Definition 4.3 (Estimators) An estimator is a function of some random variables $X_1,\ldots,X_n$ intended to provide an estimate of some parameter from the distribution of $X_1,\ldots,X_n$.

Don’t confuse $\bar{X}$ and $S^2$ with $\bar{x}$ and $s^2$! Both $\bar{X}$ and $S^2$ are random variables because they are functions of the random variables $X_1,\ldots,X_n$.

An estimator is a random variable; the observed value of the estimator, calculated using the observed values $x_1,\ldots,x_n$ is the corresponding estimate.
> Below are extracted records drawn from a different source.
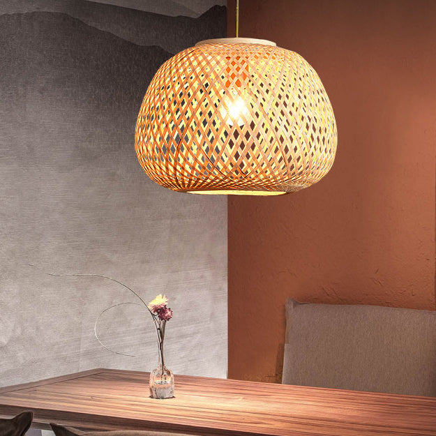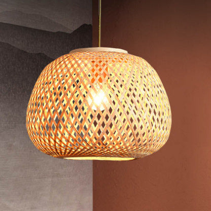 Modern Spiral Bamboo Weaving 1-Light Pendant Light
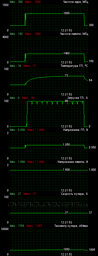 Для достижения комфортного уровня шума мы понизили обороты и напряжение до 1,05 В. И в таких условиях при 1850 об/мин карта в Crysis не грелась выше 73 °C. Вышло не только тише, но и холоднее.
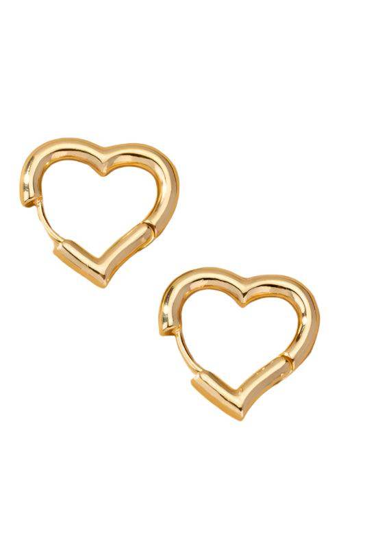 Heart shape hinged huggie hoop earrings. Made of brass. Shiny gold plating.

In our steel cables example:

we haven’t yet done the experiment; the cables haven’t been manufactured yet, and we can’t know what values for the tensile strengths we will observe. At this stage, we think of the $n$ tensile strengths $X_1,\ldots,X_n$ as random variables, so both $\bar{X}$ and $S^2$ are random too.
After we have done the experiment, we will have the $n$ numerical values for the tensile strengths, and the sample mean and variance that we calculate from these values will be represented by the constants $\bar{x}$ and $s^2$.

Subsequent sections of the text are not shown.